Fist I will try to describe my question in general. Then I will provide a concrete example from a learning project I am working on. Finally, I will revisit the general question in order to draw it to a point.
(I'm sorry that I don't yet know enough to pose this question more succinctly.)
In general terms, the tension I've discovered is this: functions are most flexible, and open to the widest reuse, when we provide them with parametric type signatures (where appropriate). However, modules are most flexible and open to the widest reuse when we seal the parameterization of functions inside the module, and instead parameterize the entire module on a given type.
A ready example of this difference can be found in comparing modules that
implement the LIST
signature with those that implement
ORD_SET
. A module List:LIST
provides a bunch of useful functions,
parameterized on any type. Once we've defined or loaded a List
module, we can
readily apply any of the functions it provides to construct, manipulate, or
examine lists of any type. E.g., if we are working with both strings and
integers, we can use one and the same module to construct and manipulate
values of both types:
val strList = List.@ (["a","b"], ["c","d"])
val intList = List.@ ([1,2,3,4], [5,6,7,8])
On the other hand, if we want to deal with ordered sets, matters are different:
ordered sets require that an ordering relation hold over all of their elements,
and there can be no single concrete function compare : 'a * 'a -> order
producing that relation for every type. Consequently, we require a different
module satisfying the ORD_SET
signature for each type we wish to put into
ordered sets. Thus, in order to construct or manipulate ordered sets of strings
and integers, we must implement different modules for each type[1]:
structure IntOrdSet = BinarySetFn ( type ord_key = int
val compare = Int.compare )
structure StrOrdSet = BinarySetFn ( type ord_key = string
val compare = String.compare )
And we must then use the fitting function from the appropriate module when we wish to operate on a given type:
val strSet = StrOrdSet.fromList ["a","b","c"]
val intSet = IntOrdSet.fromList [1,2,3,4,5,6]

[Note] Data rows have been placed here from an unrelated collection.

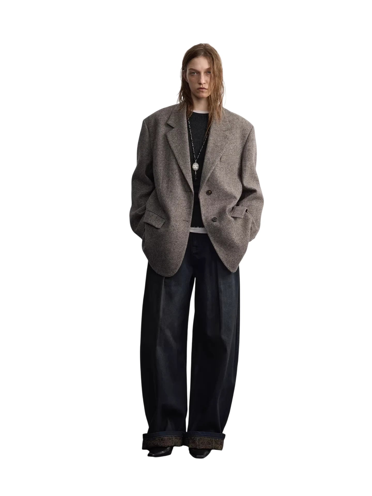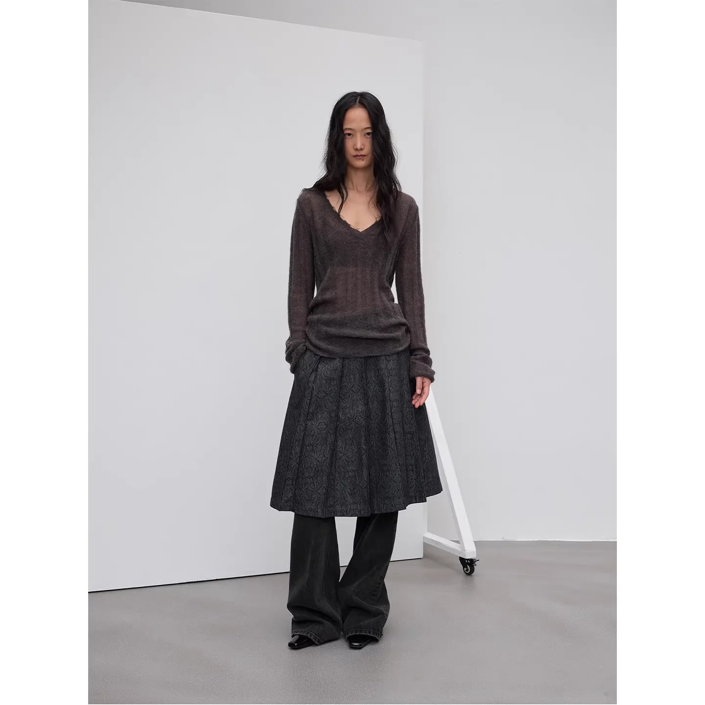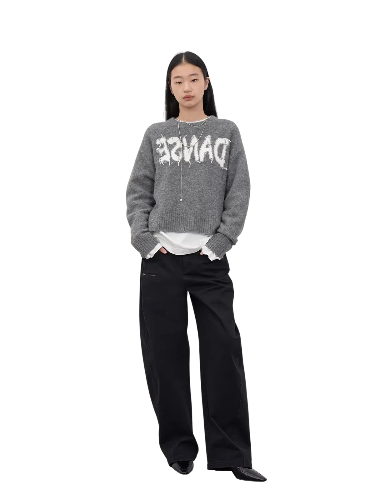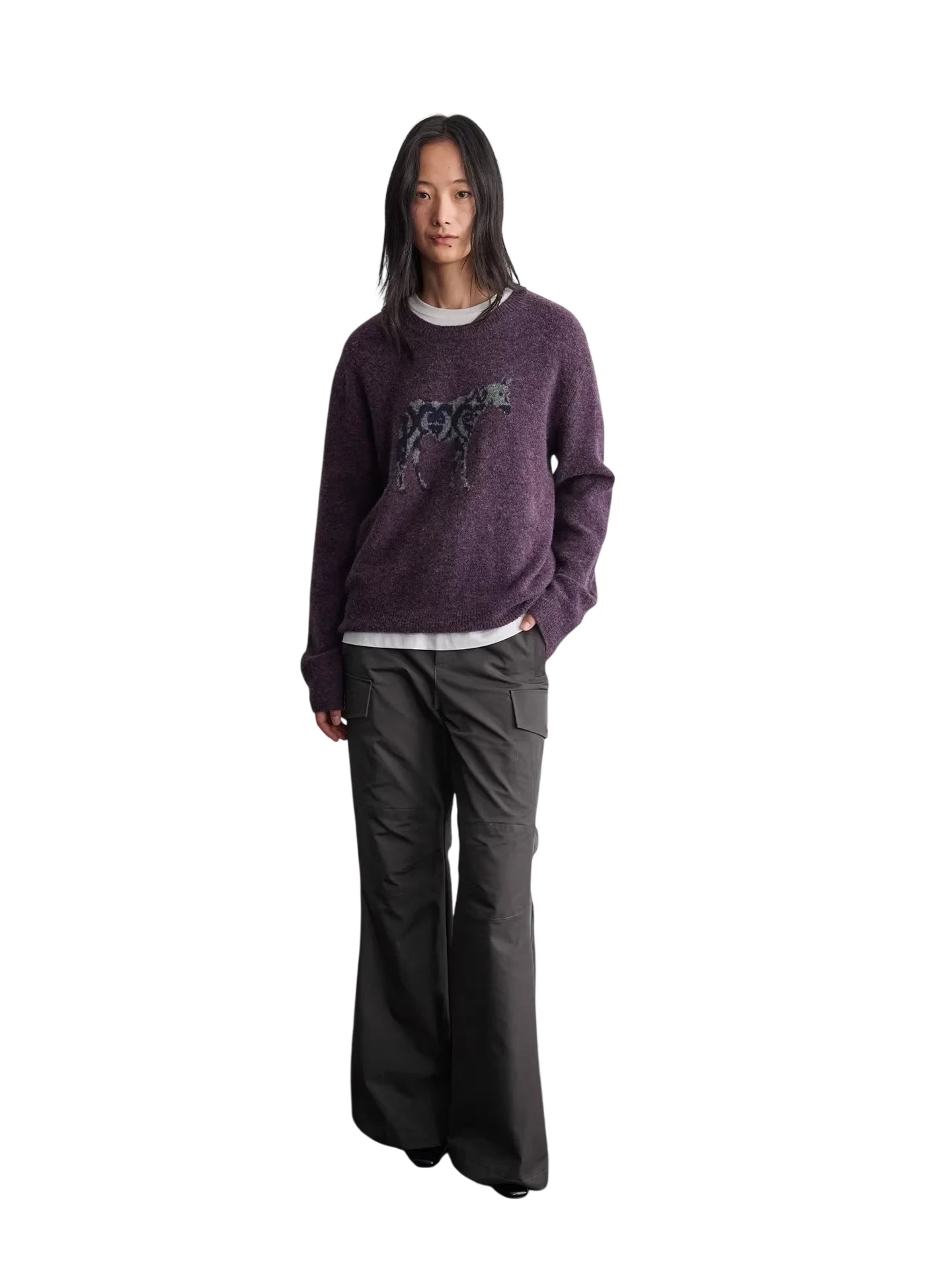 RandomPiece Wool Silk Blend Jacquard Oversized Sweater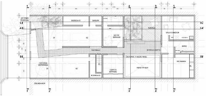 En la planta baja del proyecto se proyectó la célula habitacional de la hija, colindando con el estacionamiento para cuatro coches, unas bodegas y un cuarto de servicio. El departamento se ubica en el área donde los abuelos habían tenido, además de los dos coches, sus habitaciones públicas, estancia y cocina. Se adecuó la cocina, la estancia, el cuarto de lavandería, el baño y dos habitaciones que están detrás de un patio. La célula de habitación de la hija, pese a ser de un tamaño menor que los demás departamentos, quedó contenida en su propio espacio al fondo, con una privacidad interesante, con terraza y su vestibulación.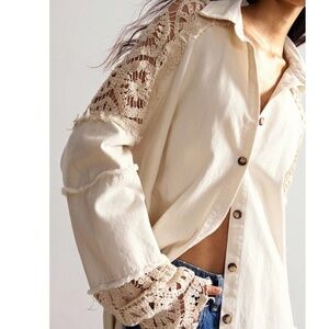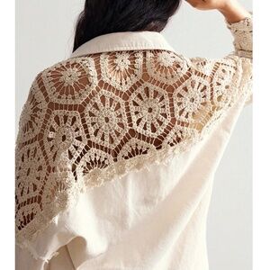 Boho Embroidered Semi Sheer Button Down Oversized Boyfriend Shirt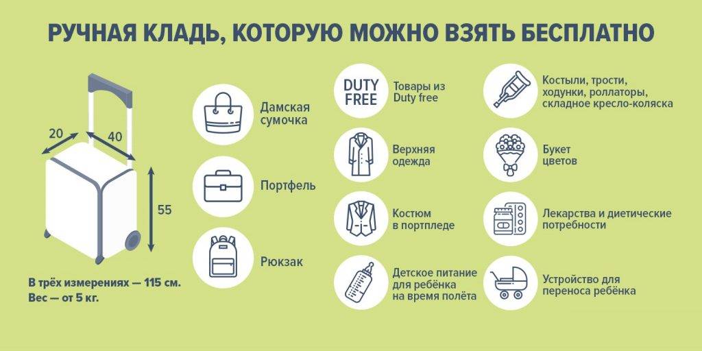 - Сумки не более 80 см объема (по сумме 3-х измерений), менее 5 кг. веса. Сюда же относят рюкзак, барсетку, детские вещи.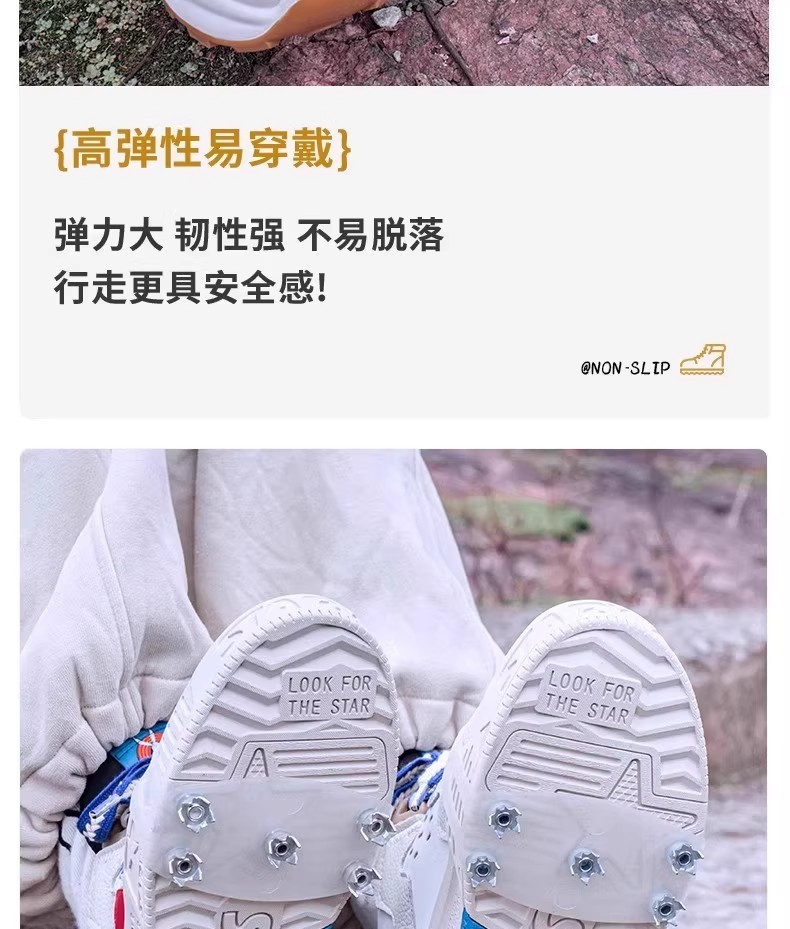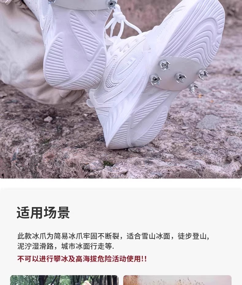 户外隐形五齿冰爪防滑鞋套儿童透明雪地鞋钉链冬下雪天鞋底贴神器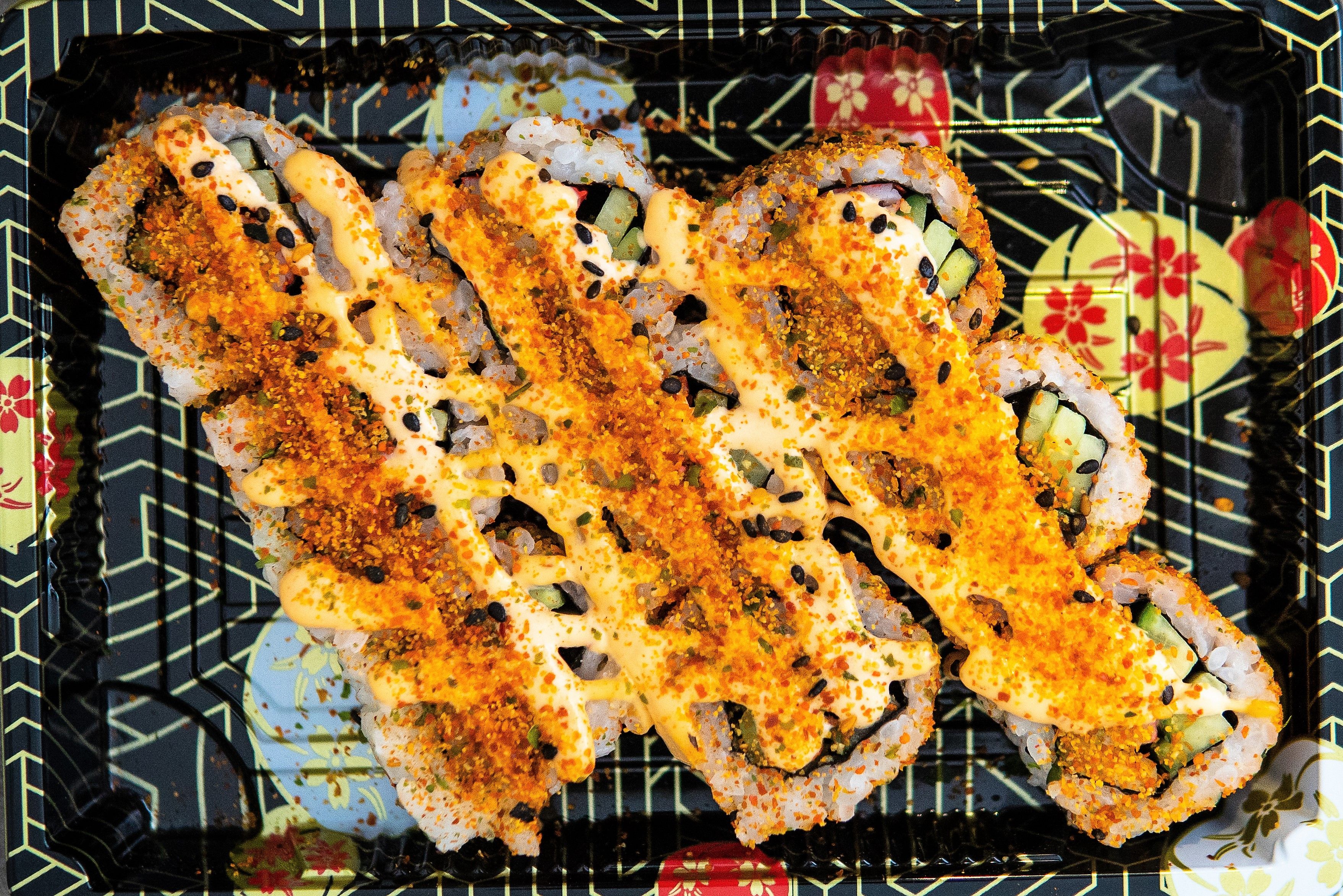Crispy Chicken, Cucumber, Spring Onion, Rice, Nori.

There is a pretty straightforward tradeoff here: LIST
modules provide functions
that range over any type you please, but they cannot take advantage of any relations
that hold between the values of any particular type; ORD_SET
modules provide
functions that are necessarily constrained to the type supplied in the functors
parameter, but through that same parameterization, they are capable of
incorporating specific information about the internal structure and relations of
their target types.
It is easy to imagine cases where we would want to design an alternative family of list modules, using functors to parameterize types and other values to provide list-like data types with a more complicated structure: e.g., to specify a data type for ordered list, or to represent lists using self-balancing binary search trees.
When creating a module, I think it is also fairly easy to recognize when it will be able to provided polymorphic functions and when it will need to be parameterized on some type(s). What seems more difficult, to me, is figuring out which kind of modules you should depend on when working on something further down stream.
In general terms, my question is this: when I am designing a system of variously related modules, how can I figure out whether to design around modules providing polymorphic functions or modules generated using functors parameterized on types and values?
I hope to illustrate the dilemma and why it matters with the following example, taken from a toy project I am working on.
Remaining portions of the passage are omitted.